━━ STORED DATA
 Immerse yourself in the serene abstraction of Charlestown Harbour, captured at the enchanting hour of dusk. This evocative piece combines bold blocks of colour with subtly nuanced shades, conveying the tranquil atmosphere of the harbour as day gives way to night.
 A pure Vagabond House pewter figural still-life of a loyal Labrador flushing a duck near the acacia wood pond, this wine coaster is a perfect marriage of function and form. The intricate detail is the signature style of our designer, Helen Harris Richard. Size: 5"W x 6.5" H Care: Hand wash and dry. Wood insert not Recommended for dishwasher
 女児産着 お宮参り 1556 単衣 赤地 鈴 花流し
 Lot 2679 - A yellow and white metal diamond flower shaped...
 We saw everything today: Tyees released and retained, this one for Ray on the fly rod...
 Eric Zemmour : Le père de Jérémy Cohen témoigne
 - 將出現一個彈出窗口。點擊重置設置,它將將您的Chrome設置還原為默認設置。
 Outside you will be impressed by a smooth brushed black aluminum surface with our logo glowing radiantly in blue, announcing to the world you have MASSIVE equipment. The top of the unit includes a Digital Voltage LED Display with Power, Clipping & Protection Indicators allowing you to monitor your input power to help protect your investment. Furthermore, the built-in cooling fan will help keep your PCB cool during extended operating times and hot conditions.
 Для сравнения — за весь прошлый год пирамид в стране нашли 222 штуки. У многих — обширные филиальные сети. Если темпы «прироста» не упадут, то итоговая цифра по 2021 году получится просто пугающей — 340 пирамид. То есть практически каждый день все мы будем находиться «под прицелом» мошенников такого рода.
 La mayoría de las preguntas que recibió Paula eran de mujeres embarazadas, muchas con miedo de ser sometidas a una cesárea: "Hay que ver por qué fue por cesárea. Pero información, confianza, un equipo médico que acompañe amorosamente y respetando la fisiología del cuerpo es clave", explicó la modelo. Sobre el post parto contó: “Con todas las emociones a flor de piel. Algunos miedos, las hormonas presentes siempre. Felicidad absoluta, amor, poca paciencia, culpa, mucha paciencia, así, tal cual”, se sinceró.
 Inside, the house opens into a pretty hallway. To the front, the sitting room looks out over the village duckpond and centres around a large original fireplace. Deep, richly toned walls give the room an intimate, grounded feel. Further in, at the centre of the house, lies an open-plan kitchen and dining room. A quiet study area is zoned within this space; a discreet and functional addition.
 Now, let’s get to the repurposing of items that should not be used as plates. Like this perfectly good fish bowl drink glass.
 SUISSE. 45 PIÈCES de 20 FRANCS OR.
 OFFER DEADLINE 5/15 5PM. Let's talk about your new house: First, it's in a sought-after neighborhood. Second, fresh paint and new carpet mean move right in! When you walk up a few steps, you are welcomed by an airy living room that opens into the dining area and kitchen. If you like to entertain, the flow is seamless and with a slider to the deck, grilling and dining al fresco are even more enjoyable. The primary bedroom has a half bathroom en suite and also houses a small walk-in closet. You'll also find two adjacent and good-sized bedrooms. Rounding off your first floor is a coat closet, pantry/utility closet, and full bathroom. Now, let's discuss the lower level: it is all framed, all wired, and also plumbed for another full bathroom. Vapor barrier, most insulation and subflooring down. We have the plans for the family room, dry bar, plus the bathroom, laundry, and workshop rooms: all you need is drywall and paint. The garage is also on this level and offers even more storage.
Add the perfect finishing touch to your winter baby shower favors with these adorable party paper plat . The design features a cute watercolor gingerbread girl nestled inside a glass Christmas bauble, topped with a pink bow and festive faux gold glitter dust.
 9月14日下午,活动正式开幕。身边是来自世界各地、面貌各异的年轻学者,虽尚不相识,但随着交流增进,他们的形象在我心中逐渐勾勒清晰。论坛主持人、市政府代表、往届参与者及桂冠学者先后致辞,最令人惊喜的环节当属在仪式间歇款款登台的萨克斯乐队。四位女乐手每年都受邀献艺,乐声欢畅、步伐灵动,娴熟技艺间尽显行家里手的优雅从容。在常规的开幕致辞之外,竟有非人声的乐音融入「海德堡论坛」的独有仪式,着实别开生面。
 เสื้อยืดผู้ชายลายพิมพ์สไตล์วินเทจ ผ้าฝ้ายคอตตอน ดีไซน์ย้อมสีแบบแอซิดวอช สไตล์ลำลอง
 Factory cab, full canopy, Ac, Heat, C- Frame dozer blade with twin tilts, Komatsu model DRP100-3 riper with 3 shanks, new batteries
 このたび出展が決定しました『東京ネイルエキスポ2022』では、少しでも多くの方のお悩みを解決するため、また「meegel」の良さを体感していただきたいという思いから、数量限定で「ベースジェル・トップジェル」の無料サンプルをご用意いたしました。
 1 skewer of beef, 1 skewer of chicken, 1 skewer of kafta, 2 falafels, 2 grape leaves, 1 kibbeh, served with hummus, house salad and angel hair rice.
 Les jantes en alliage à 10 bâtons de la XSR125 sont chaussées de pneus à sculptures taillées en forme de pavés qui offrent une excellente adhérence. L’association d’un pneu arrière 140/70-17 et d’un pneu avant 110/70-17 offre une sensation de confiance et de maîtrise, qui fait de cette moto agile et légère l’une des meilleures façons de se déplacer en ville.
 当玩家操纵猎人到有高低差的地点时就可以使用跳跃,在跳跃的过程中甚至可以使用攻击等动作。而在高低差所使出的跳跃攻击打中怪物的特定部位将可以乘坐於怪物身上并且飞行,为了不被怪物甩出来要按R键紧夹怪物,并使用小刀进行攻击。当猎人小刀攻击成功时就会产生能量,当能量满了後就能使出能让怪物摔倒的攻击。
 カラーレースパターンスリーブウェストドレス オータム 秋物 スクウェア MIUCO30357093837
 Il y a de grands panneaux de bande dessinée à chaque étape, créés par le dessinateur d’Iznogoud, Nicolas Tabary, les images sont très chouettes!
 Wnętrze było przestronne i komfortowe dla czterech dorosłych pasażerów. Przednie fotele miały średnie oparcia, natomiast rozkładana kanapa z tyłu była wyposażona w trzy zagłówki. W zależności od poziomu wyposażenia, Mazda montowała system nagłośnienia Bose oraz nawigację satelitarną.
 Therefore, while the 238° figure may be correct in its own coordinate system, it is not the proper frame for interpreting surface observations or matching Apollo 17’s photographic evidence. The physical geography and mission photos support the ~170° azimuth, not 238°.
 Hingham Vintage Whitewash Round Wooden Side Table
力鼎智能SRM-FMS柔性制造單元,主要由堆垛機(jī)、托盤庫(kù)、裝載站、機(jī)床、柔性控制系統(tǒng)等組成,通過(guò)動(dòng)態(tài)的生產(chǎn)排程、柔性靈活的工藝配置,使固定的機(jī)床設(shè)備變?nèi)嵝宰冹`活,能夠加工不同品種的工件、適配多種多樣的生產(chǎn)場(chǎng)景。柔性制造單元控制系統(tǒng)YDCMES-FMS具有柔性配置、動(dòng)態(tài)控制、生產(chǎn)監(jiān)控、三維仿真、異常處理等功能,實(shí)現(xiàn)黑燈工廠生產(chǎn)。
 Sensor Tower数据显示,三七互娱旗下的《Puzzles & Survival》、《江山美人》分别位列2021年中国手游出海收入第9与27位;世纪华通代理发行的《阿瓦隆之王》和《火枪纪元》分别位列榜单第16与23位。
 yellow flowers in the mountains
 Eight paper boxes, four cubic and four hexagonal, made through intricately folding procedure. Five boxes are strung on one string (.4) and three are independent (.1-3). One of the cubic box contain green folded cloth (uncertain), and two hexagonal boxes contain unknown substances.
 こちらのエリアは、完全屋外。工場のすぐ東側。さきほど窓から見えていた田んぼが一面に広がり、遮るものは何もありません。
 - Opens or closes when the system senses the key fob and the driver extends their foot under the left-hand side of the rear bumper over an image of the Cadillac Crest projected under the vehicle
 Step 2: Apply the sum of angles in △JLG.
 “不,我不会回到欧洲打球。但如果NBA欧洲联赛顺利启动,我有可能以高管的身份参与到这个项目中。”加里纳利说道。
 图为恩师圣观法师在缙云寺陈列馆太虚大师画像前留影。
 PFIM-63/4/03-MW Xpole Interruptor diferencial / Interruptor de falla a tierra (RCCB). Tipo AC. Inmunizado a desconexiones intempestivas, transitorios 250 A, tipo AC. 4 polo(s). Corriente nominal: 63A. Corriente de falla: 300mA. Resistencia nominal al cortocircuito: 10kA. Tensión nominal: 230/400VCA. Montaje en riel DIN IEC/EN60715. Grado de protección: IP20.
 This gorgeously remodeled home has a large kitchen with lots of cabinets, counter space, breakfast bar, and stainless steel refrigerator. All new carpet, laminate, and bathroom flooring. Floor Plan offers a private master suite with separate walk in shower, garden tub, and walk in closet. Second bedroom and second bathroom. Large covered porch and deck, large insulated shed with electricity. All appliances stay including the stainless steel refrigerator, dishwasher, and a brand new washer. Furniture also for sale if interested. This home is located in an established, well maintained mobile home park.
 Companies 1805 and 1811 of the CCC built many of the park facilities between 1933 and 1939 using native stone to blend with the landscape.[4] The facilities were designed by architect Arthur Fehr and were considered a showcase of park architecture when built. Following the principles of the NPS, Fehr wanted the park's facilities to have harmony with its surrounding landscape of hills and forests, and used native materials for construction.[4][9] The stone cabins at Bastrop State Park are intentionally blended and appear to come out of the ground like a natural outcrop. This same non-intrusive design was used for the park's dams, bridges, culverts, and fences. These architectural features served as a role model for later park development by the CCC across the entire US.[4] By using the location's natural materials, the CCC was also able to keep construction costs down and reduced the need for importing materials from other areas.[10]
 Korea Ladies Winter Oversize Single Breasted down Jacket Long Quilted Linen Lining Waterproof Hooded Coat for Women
━━━━
**TASK**. The answer must consist of every line from the records above that holds "space".

**RESULT BELOW**.
 Inside, the house opens into a pretty hallway. To the front, the sitting room looks out over the village duckpond and centres around a large original fireplace. Deep, richly toned walls give the room an intimate, grounded feel. Further in, at the centre of the house, lies an open-plan kitchen and dining room. A quiet study area is zoned within this space; a discreet and functional addition.
 This gorgeously remodeled home has a large kitchen with lots of cabinets, counter space, breakfast bar, and stainless steel refrigerator. All new carpet, laminate, and bathroom flooring. Floor Plan offers a private master suite with separate walk in shower, garden tub, and walk in closet. Second bedroom and second bathroom. Large covered porch and deck, large insulated shed with electricity. All appliances stay including the stainless steel refrigerator, dishwasher, and a brand new washer. Furniture also for sale if interested. This home is located in an established, well maintained mobile home park.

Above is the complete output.